When I sank the mud well, it went through 50 feet of clay and found 5 feet of gravel next to the bedrock.  The well driller tested the flow rate for the banker/code using a 5 gpm pump.  When I dropped my 10 gpm pump in the well, the additional flow caused mud to collapse in the well which plugged up the Goulds.  I had to get the well guy back to pump a few hundred gallons of water into the well to push back the mud and then he pushed a 5 gal pail of crushed stone down the well to help hold the mud back.  I don't know how much the mud affected the gpm capacity of the Goulds and am concerned that a new higher gpm pump might suck more mud in.  This is really getting complicated.


----------



## Valveman (Sep 27, 2009)

The well condition is the first thing to consider.  You can’t pump more volume (GPM) unless the well can produce it.  Sometimes even when the well can produce more volume, it comes at a price like water quality problems with mud and other things.   You will need to test for the total volume stored in the well and the recovery rate.  If these are sufficient to meat the needs of the system, then replacing the 11 year old well pump with a new larger pump would be a good option.  You can also run a jet pump in tandem with the sub from the same pressure switch.  But be sure and put the micronizer after the jet pump.  My experience tells me that as soon as you add a jet pump, the well pump will need replacing, and you will wish you had just started with a new larger sub pump.

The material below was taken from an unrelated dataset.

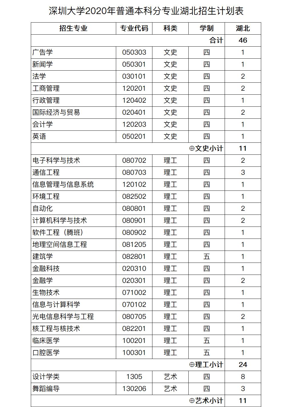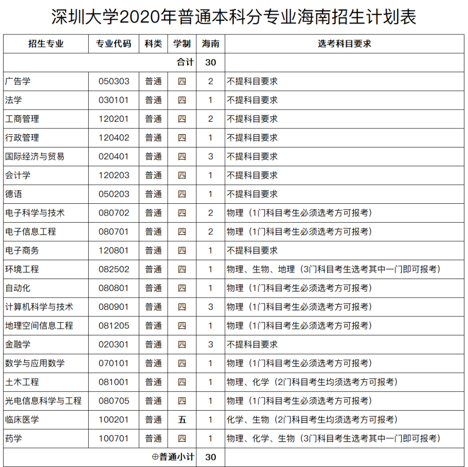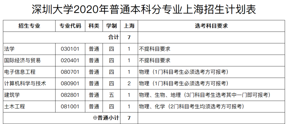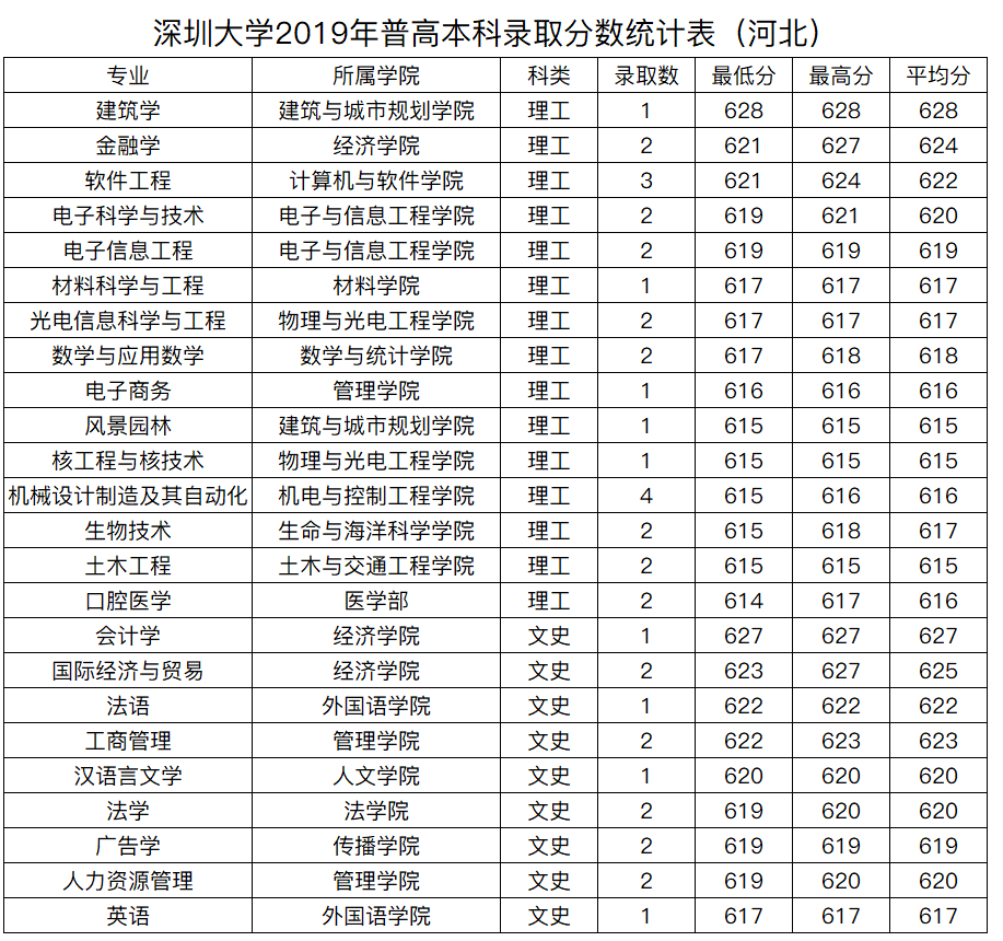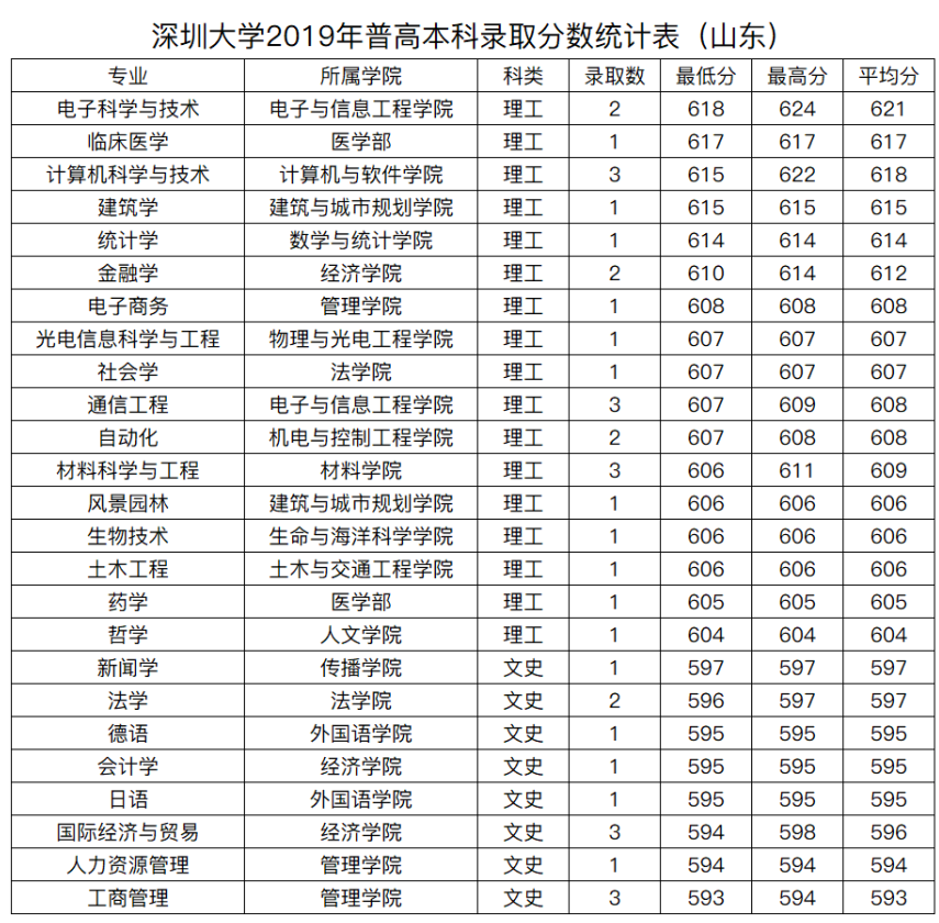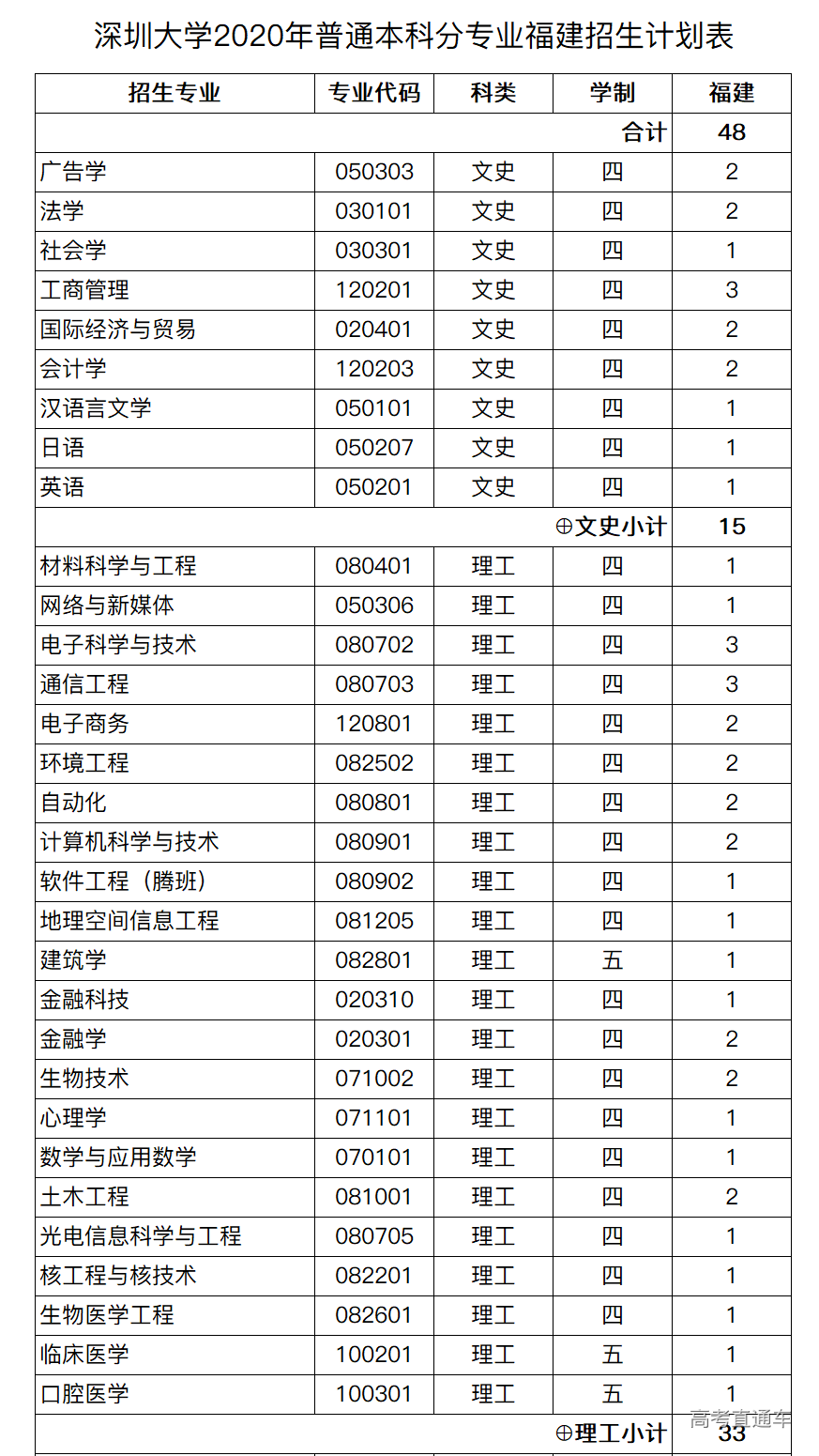 天津 2020年天津首年招生计划表: 1 安徽 历年安徽录取分数线统计: 按科类统计(按投档分统计) 按专业统计(按投档分统计) 2020年安徽招生计划表: 2 北京 历年北京录取分数线统计: 按科类统计(按投档分统计) 按专业统计(按投档分统计) 2020年北京招生计划表: 3 重庆 历年重庆录取分数线统计: 按科类统计(按投档分统计) 按专业统计(按投档分统计) 2020年重庆招生计划表: 4 福建 历年福建录取分数线统计: 按科类统计(按投档分统计) 按专业统计(按投档分统计) 2020年福建招生计划表: 5 甘肃 历年甘肃录取分数线统计: 按科类统计(按投档分统计) 按专业统计(按投档分统计) 2020年甘肃招生计划表: 6 广西 历年广西录取分数线统计: 按科类统计(按投档分统计) 按专业统计(按投档分统计) 2020年广西招生计划表: 7 贵州 历年贵州录取分数线统计: 按科类统计(按投档分统计) 按专业统计(按投档分统计) 2020年贵州招生计划表: 8 海南 历年海南录取分数线统计: 按科类统计(按投档分统计) 按专业统计(按投档分统计) 2020年海南招生计划表: 9 河北 历年河北录取分数线统计: 按科类统计(按投档分统计) 按专业统计(按投档分统计) 2020年河北招生计划表: 10 黑龙江 历年黑龙江录取分数线统计: 按科类统计(按投档分统计) 按专业统计(按投档分统计) 2020年黑龙江招生计划表: 11 河南 历年河南录取分数线统计: 按科类统计(按投档分统计) 按专业统计(按投档分统计) 2020年河南招生计划表: 12 湖北 历年湖北录取分数线统计: 按科类统计(按投档分统计) 按专业统计(按投档分统计) 2020年湖北招生计划表: 13 湖南 历年湖南录取分数线统计: 按科类统计(按投档分统计) 按专业统计(按投档分统计) 2020年湖南招生计划表: 14 江苏 历年江苏录取分数线统计: 按科类统计(按投档分统计) 按专业统计(按投档分统计) 2020年江苏招生计划表: 15 江西 历年江西录取分数线统计: 按科类统计(按投档分统计) 按专业统计(按投档分统计) 2020年江西招生计划表: 16 吉林 历年吉林录取分数线统计: 按科类统计(按投档分统计) 按专业统计(按投档分统计) 2020年吉林招生计划表: 17 辽宁 历年辽宁录取分数线统计: 按科类统计(按投档分统计) 按专业统计(按投档分统计) 2020年辽宁招生计划表: 18 内蒙古 历年内蒙古录取分数线统计: 按科类统计(按投档分统计) 按专业统计(按投档分统计) 2020年内蒙古招生计划表: 19 青海 历年青海录取分数线统计: 按科类统计(按投档分统计) 按专业统计(按投档分统计) 2020年青海招生计划表: 20 陕西 历年陕西录取分数线统计: 按科类统计(按投档分统计) 按专业统计(按投档分统计) 2020年陕西招生计划表: 21 山东 历年山东录取分数线统计: 按科类统计(按投档分统计) 按专业统计(按投档分统计) 2020年山东招生计划表: 22 上海 历年上海录取分数线统计: 按科类统计(按投档分统计) 按专业统计(按投档分统计) 2020年上海招生计划表: 23 山西 历年山西录取分数线统计: 按科类统计(按投档分统计) 按专业统计(按投档分统计) 2020年山西招生计划表: 24 四川 历年四川录取分数线统计: 按科类统计(按投档分统计) 按专业统计(按投档分统计) 2020年四川招生计划表: 25 云南 历年云南录取分数线统计: 按科类统计(按投档分统计) 按专业统计(按投档分统计) 2020年云南招生计划表: 26 浙江 历年浙江录取分数线统计: 按科类统计(按投档分统计) 按专业统计(按投档分统计) 2020年浙江招生计划表: 27 新疆 历年新疆录取分数线统计: 按科类统计(按投档分统计) 按专业统计(按投档分统计) 2020年新疆招生计划表: 深圳大学2020年普通本科 分专业外省招生计划总表 非高考改革省份: 高考改革省份: 备注: 1.计划及科类等以当地省(自治区、直辖市)公布的招生专业目录为准; 2.浙江、上海、北京、天津、山东、海南不分文理; 3.按专业招生,按通识教育与专业教育相结合的大类模式培养,申请毕业前一年有转专业的机会; 4.学费(不含书费)按学分制收费,由课程学分学费和专业学费两部分组成,每学期学分学费按学生实际修读的课程总学分计算。

If either the wells volume or recovery is not sufficient to meet the needs of the system, then a storage tank (cistern) and booster pump would be the next option.  You may not even need a very large cistern to be able to have all the water pressure and volume you would like.  You can even use another sub in the cistern for a booster so the noise is not an issue.  But it will take a little room for the equipment.


----------



## olskool53 (Sep 28, 2009)

LLigetfa said:
			
		

> I'm on well water that has a lot of iron and so have an iron filter.  The downside of it is that the micronizer only works at lower pressures and there is also a pressure drop across the filter bed at higher flow rates.  From what I read, the answer is to use a domestic water pressure booster pump.  My water equipment supplier suggests the Grundfos MQ pump but he's not being very specific about what pressure at what flow rate I can expect.  From what I've been able to Google, it doesn't actually regulate the pressure and that I would have to add a pressure regulator after the pump.
> 
> Anyone with domestic water pressure booster pump experience care to chime in?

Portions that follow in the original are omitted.